- Exercise goal -
All of the data should be reproduced word for word, though its pictures must be omitted.

-- Available data follows --

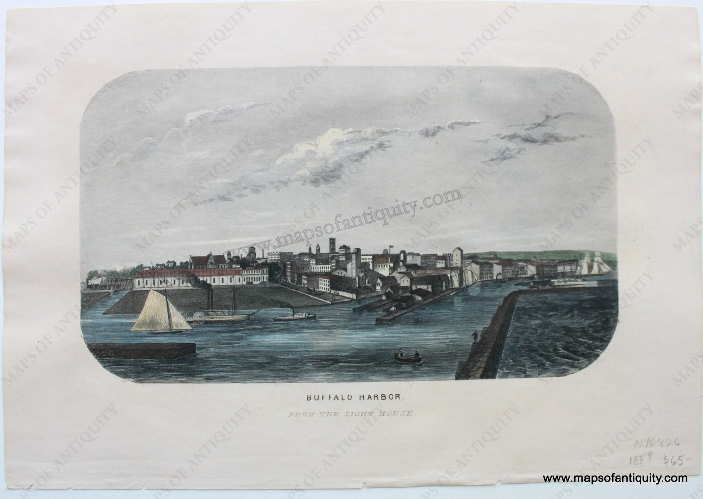 Hand colored antique print showing a scene on Lake Erie, apparently looking toward Buffalo from the light house. Very good condition with a few tiny spots. Recent color. Approx. 4.25 x 7.5 inches to the image edges not including title.
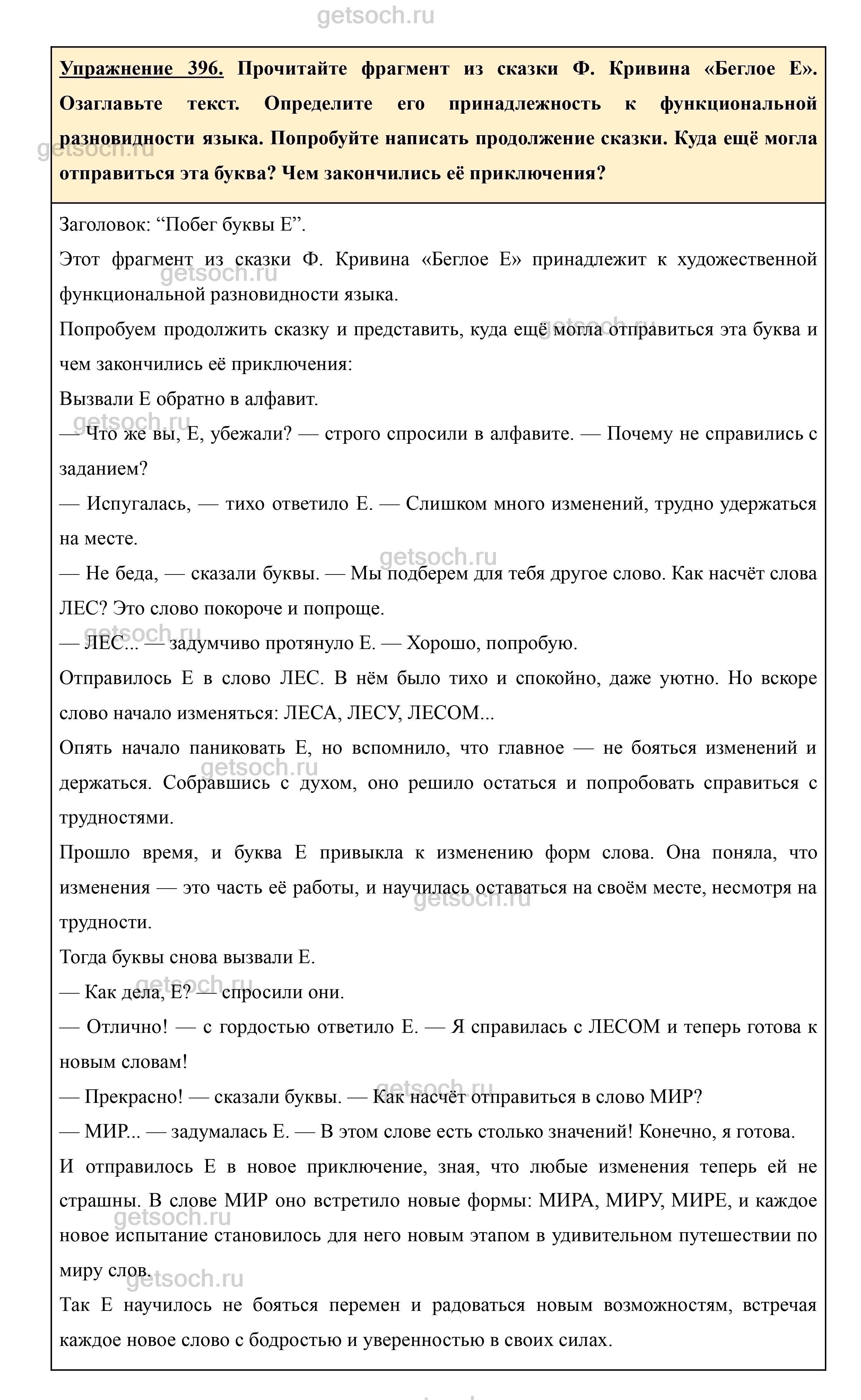 Рассмотрим ответы на Упражнение 396 из учебника по русскому языку для 5 класса Ладыженской
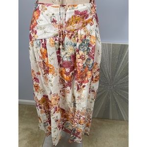 NWT Pattie Asymmetric Cut Out Linen Midi Dress in Cream Floral Size 8
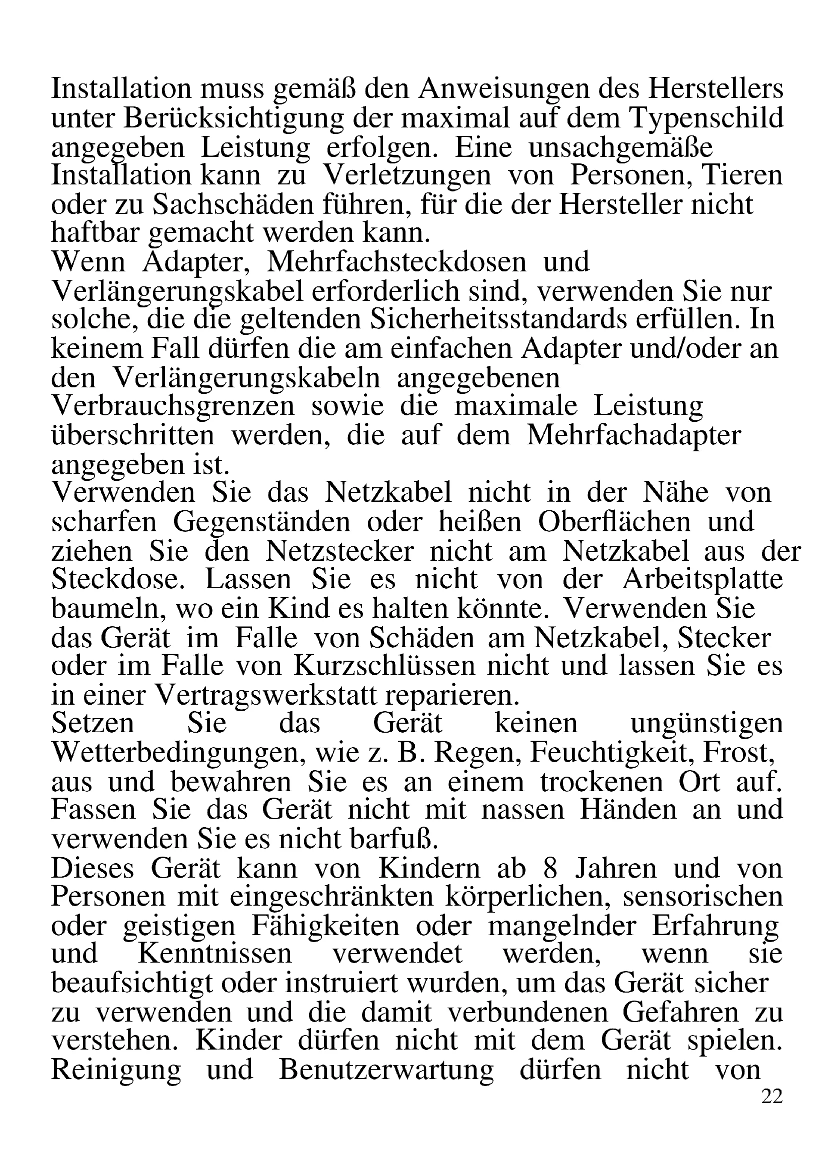 DEUTSCH: HINWEISE: Verwenden Sie das Gerät nur nach den Anweisungen in dieser Bedienungsanleitung. Jede anderweitige Verwendung gilt als unsachgemäß und gefährlich, und der Hersteller kann für Schäden haftbar gemacht werden, die durch eine unsachgemäße, falsche oder unvernünftige Verwendung verursacht werden. Stellen Sie vor der Verwendung sicher, dass das Gerät unversehrt ist. Im Zweifelsfall verwenden Sie es nicht und wenden Sie sich an den Kundendienst. Verpackungsmaterial (Plastiktüten, Styropor, Nägel, Klammern) muss für Kinder unzugänglich aufbewahrt werden, da es eine potenzielle Gefahrenquelle darstellt. Wir möchten Sie in diesem Zusammenhang auch daran erinnern, dass Verpackungsabfall der Mülltrennung zugeführt werden muss. Stellen Sie sicher, dass die Angaben auf dem Typenschild mit denen des Stromnetzes übereinstimmen. Die22 Installation muss gemäß den Anweisungen des Herstellers unter Berücksichtigung der maximal auf dem Typenschild angegeben Leistung erfolgen. Eine unsachgemäße Installation kann zu Verletzungen von Personen, Tieren oder zu Sachschäden führen, für die der Hersteller nicht haftbar gemacht werden kann. Wenn Adapter, Mehrfachsteckdosen und Verlängerungskabel erforderlich sind, verwenden Sie nur solche, die die geltenden Sicherheitsstandards erfüllen. In keinem Fall dürfen die am einfachen Adapter und/oder an den Verlängerungskabeln angegebenen Verbrauchsgrenzen sowie die maximale Leistung überschritten werden, die auf dem Mehrfachadapter angegeben ist. Verwenden Sie das Netzkabel nicht in der Nähe von scharfen Gegenständen oder heißen Oberflächen und ziehen Sie den Netzstecker nicht am Netzkabel aus der Steckdose. Lassen Sie es nicht von der Arbeitsplatte baumeln, wo ein Kind es halten könnte. Verwenden Sie das Gerät im Falle von Schäden am Netzkabel, Stecker oder im Falle von Kurzschlüssen nicht und lassen Sie es in einer Vertragswerkstatt reparieren. Setzen Sie das Gerät keinen ungünstigen Wetterbedingungen, wie z. B. Regen, Feuchtigkeit, Frost, aus und bewahren Sie es an einem trockenen Ort auf. Fassen Sie das Gerät nicht mit nassen Händen an und verwenden Sie es nicht barfuß. Dieses Gerät kann von Kindern ab 8 Jahren und von Personen mit eingeschränkten körperlichen, sensorischen oder geistigen Fähigkeiten oder mangelnder Erfahrung und Kenntnissen verwendet werden, wenn sie beaufsichtigt oder instruiert wurden, um das Gerät sicher zu verwenden und die damit verbundenen Gefahren zu verstehen. Kinder dürfen nicht mit dem Gerät spielen. Reinigung und Benutzerwartung dürfen nicht von23 Kindern ohne Aufsicht durchgeführt werden. Kinder dürfen nicht mit dem Gerät spielen. Bewahren Sie das Gerät und sein Netzanschluss außerhalb der Reichweite von Kinder unter 8 Jahren. Nicht für den gewerblichen Gebrauch bestimmt. Nur für den Hausgebrauch bestimmt. Im Falle eines Defekts und/oder von Fehlfunktionen das Gerät nicht öffnen. Für Reparaturen wenden Sie sich an eine vom Hersteller autorisierte Werkstatt (Vertragswerkstatt) und fordern Sie den Einsatz von Original-Ersatzteilen. Die Nichtbeachtung der obigen Vorschriften kann die Sicherheit beeinträchtigen und zur Folge haben, dass die Garantie erlischt. Dieses Gerät ist nur für den Hausgebrauch oder gleichwertiges bestimmt, in Situationen wie bspw.: Kantinen in kleinen Firmen oder ähnliche Arbeitsumgebungen, von Kunden in Hotels, Motels oder andere Art von touristische Unterkunft, wie ländlicher oder Wohn –Tourismus. Das Gerät darf nicht mit einer Zeitschaltuhr oder mit einem separaten Fernwirksystem betrieben werden Führen Sie vor jedem Gebrauch das Netzkabel aus. Setzen Sie das Produkt keinen Stößen aus, es könnte beschädigt werden. Verwenden Sie nur originale und kompatible Teile und Zubehör. Halten Sie das Gerät fern von brennbaren Materialien, Wärmequellen, Dampf-und kalte Zonen. ALLGEMEINE HINWEISE ACHTUNG: Verwenden Sie den Haarklipper nicht in der Badewanne, unter der Dusche und in der Duschkabine. Falls der Haartrockner ins Wasser fällt, nicht anfassen und ziehen Sie sofort der Netzstecker. Verhindern Sie Wasserspritzen. Falls Sie eines dieser Probleme feststellen, bevor sie es verwenden, nehmen Sie den Haarklipper zu einem autorisierten Service-24 Center; denselben darf nur von qualifiziertem Fachpersonal überprüft werden. Verwenden Sie den Haarklipper nicht in der Nähe von Waschbecken oder sonstige Behälter mit Wasser und verstauen Sie den Klipper in einem stabilen Regal, so dass es nicht auf den Boden oder in Behälter mit Flüssigkeit fällt. Wenn er heiß ist, stellen Sie den Klipper nur auf hitzebeständigen Oberflächen und weg von Kleidung, Papier oder brennbaren Flüssigkeiten. Die Lüftungsöffnungen nicht verhindern, da diese die Motoreinheit beschädigen können. Achten Sie darauf, lassen Sie Ihre Haare nicht zu nahe an diesen Öffnungen, weil den Klipper sie saugen und verbrennen kann. Das Gerät niemals unbeaufsichtigt lassen. Im Falle von Überhitzung, durch übermäßigen Gebrauch oder durch zufällige Blockierung der Entlüftungsöffnungen, sperrt der Sicherheitsthermostat den Motoranlauf. Warten Sie bis die vollständige Abkühlung des Motors bis Sie es neu in Betrieb setzen können. Benutzen Sie das Gerät nie als Heizer. Das Netzkabel nicht einwickeln, wenn das Gerät in Betrieb ist. Gerät keine Schocks aussetzen, die beschädigen können. Nach jedem Gebrauch, lassen Sie das Gerät abkühlen, bevor Sie es wegräumen. Wenn das Gerät im Badezimmern genutzt wird, ist nach dem Gebrauch der Netzstecker zuziehen, weil die Nähe von Wasser eine Gefahr darstellt, auch wenn das Gerät ausgeschaltet ist. Um einen besseren Schutz zu gewährleisten wird die Installation einer Fehlerstromschutzeinrichtung mit einem nominalen Auslösestrom von maximal 30 mA, im Badezimmer Stromkries empfohlen. Fragen Sie Ihren Installateur.25
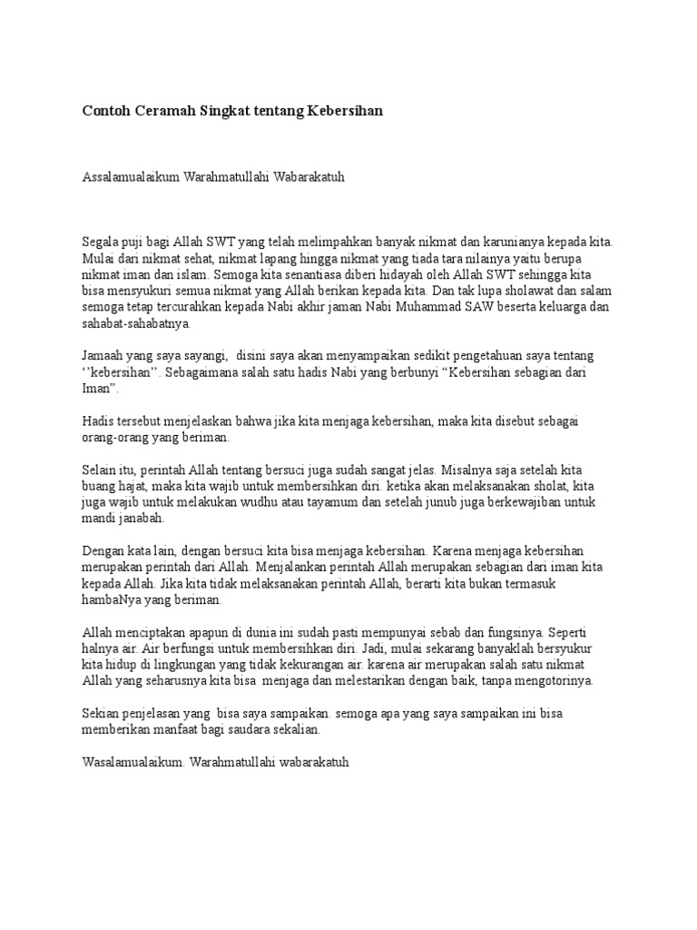 Ceramah Singkat tentang Kebersihan - InfoKekinian.Com

-- Available data concluded --

- Task output -
 Hand colored antique print showing a scene on Lake Erie, apparently looking toward Buffalo from the light house. Very good condition with a few tiny spots. Recent color. Approx. 4.25 x 7.5 inches to the image edges not including title.
 Рассмотрим ответы на Упражнение 396 из учебника по русскому языку для 5 класса Ладыженской
 NWT Pattie Asymmetric Cut Out Linen Midi Dress in Cream Floral Size 8
 DEUTSCH: HINWEISE: Verwenden Sie das Gerät nur nach den Anweisungen in dieser Bedienungsanleitung. Jede anderweitige Verwendung gilt als unsachgemäß und gefährlich, und der Hersteller kann für Schäden haftbar gemacht werden, die durch eine unsachgemäße, falsche oder unvernünftige Verwendung verursacht werden. Stellen Sie vor der Verwendung sicher, dass das Gerät unversehrt ist. Im Zweifelsfall verwenden Sie es nicht und wenden Sie sich an den Kundendienst. Verpackungsmaterial (Plastiktüten, Styropor, Nägel, Klammern) muss für Kinder unzugänglich aufbewahrt werden, da es eine potenzielle Gefahrenquelle darstellt. Wir möchten Sie in diesem Zusammenhang auch daran erinnern, dass Verpackungsabfall der Mülltrennung zugeführt werden muss. Stellen Sie sicher, dass die Angaben auf dem Typenschild mit denen des Stromnetzes übereinstimmen. Die22 Installation muss gemäß den Anweisungen des Herstellers unter Berücksichtigung der maximal auf dem Typenschild angegeben Leistung erfolgen. Eine unsachgemäße Installation kann zu Verletzungen von Personen, Tieren oder zu Sachschäden führen, für die der Hersteller nicht haftbar gemacht werden kann. Wenn Adapter, Mehrfachsteckdosen und Verlängerungskabel erforderlich sind, verwenden Sie nur solche, die die geltenden Sicherheitsstandards erfüllen. In keinem Fall dürfen die am einfachen Adapter und/oder an den Verlängerungskabeln angegebenen Verbrauchsgrenzen sowie die maximale Leistung überschritten werden, die auf dem Mehrfachadapter angegeben ist. Verwenden Sie das Netzkabel nicht in der Nähe von scharfen Gegenständen oder heißen Oberflächen und ziehen Sie den Netzstecker nicht am Netzkabel aus der Steckdose. Lassen Sie es nicht von der Arbeitsplatte baumeln, wo ein Kind es halten könnte. Verwenden Sie das Gerät im Falle von Schäden am Netzkabel, Stecker oder im Falle von Kurzschlüssen nicht und lassen Sie es in einer Vertragswerkstatt reparieren. Setzen Sie das Gerät keinen ungünstigen Wetterbedingungen, wie z. B. Regen, Feuchtigkeit, Frost, aus und bewahren Sie es an einem trockenen Ort auf. Fassen Sie das Gerät nicht mit nassen Händen an und verwenden Sie es nicht barfuß. Dieses Gerät kann von Kindern ab 8 Jahren und von Personen mit eingeschränkten körperlichen, sensorischen oder geistigen Fähigkeiten oder mangelnder Erfahrung und Kenntnissen verwendet werden, wenn sie beaufsichtigt oder instruiert wurden, um das Gerät sicher zu verwenden und die damit verbundenen Gefahren zu verstehen. Kinder dürfen nicht mit dem Gerät spielen. Reinigung und Benutzerwartung dürfen nicht von23 Kindern ohne Aufsicht durchgeführt werden. Kinder dürfen nicht mit dem Gerät spielen. Bewahren Sie das Gerät und sein Netzanschluss außerhalb der Reichweite von Kinder unter 8 Jahren. Nicht für den gewerblichen Gebrauch bestimmt. Nur für den Hausgebrauch bestimmt. Im Falle eines Defekts und/oder von Fehlfunktionen das Gerät nicht öffnen. Für Reparaturen wenden Sie sich an eine vom Hersteller autorisierte Werkstatt (Vertragswerkstatt) und fordern Sie den Einsatz von Original-Ersatzteilen. Die Nichtbeachtung der obigen Vorschriften kann die Sicherheit beeinträchtigen und zur Folge haben, dass die Garantie erlischt. Dieses Gerät ist nur für den Hausgebrauch oder gleichwertiges bestimmt, in Situationen wie bspw.: Kantinen in kleinen Firmen oder ähnliche Arbeitsumgebungen, von Kunden in Hotels, Motels oder andere Art von touristische Unterkunft, wie ländlicher oder Wohn –Tourismus. Das Gerät darf nicht mit einer Zeitschaltuhr oder mit einem separaten Fernwirksystem betrieben werden Führen Sie vor jedem Gebrauch das Netzkabel aus. Setzen Sie das Produkt keinen Stößen aus, es könnte beschädigt werden. Verwenden Sie nur originale und kompatible Teile und Zubehör. Halten Sie das Gerät fern von brennbaren Materialien, Wärmequellen, Dampf-und kalte Zonen. ALLGEMEINE HINWEISE ACHTUNG: Verwenden Sie den Haarklipper nicht in der Badewanne, unter der Dusche und in der Duschkabine. Falls der Haartrockner ins Wasser fällt, nicht anfassen und ziehen Sie sofort der Netzstecker. Verhindern Sie Wasserspritzen. Falls Sie eines dieser Probleme feststellen, bevor sie es verwenden, nehmen Sie den Haarklipper zu einem autorisierten Service-24 Center; denselben darf nur von qualifiziertem Fachpersonal überprüft werden. Verwenden Sie den Haarklipper nicht in der Nähe von Waschbecken oder sonstige Behälter mit Wasser und verstauen Sie den Klipper in einem stabilen Regal, so dass es nicht auf den Boden oder in Behälter mit Flüssigkeit fällt. Wenn er heiß ist, stellen Sie den Klipper nur auf hitzebeständigen Oberflächen und weg von Kleidung, Papier oder brennbaren Flüssigkeiten. Die Lüftungsöffnungen nicht verhindern, da diese die Motoreinheit beschädigen können. Achten Sie darauf, lassen Sie Ihre Haare nicht zu nahe an diesen Öffnungen, weil den Klipper sie saugen und verbrennen kann. Das Gerät niemals unbeaufsichtigt lassen. Im Falle von Überhitzung, durch übermäßigen Gebrauch oder durch zufällige Blockierung der Entlüftungsöffnungen, sperrt der Sicherheitsthermostat den Motoranlauf. Warten Sie bis die vollständige Abkühlung des Motors bis Sie es neu in Betrieb setzen können. Benutzen Sie das Gerät nie als Heizer. Das Netzkabel nicht einwickeln, wenn das Gerät in Betrieb ist. Gerät keine Schocks aussetzen, die beschädigen können. Nach jedem Gebrauch, lassen Sie das Gerät abkühlen, bevor Sie es wegräumen. Wenn das Gerät im Badezimmern genutzt wird, ist nach dem Gebrauch der Netzstecker zuziehen, weil die Nähe von Wasser eine Gefahr darstellt, auch wenn das Gerät ausgeschaltet ist. Um einen besseren Schutz zu gewährleisten wird die Installation einer Fehlerstromschutzeinrichtung mit einem nominalen Auslösestrom von maximal 30 mA, im Badezimmer Stromkries empfohlen. Fragen Sie Ihren Installateur.25
 Ceramah Singkat tentang Kebersihan - InfoKekinian.Com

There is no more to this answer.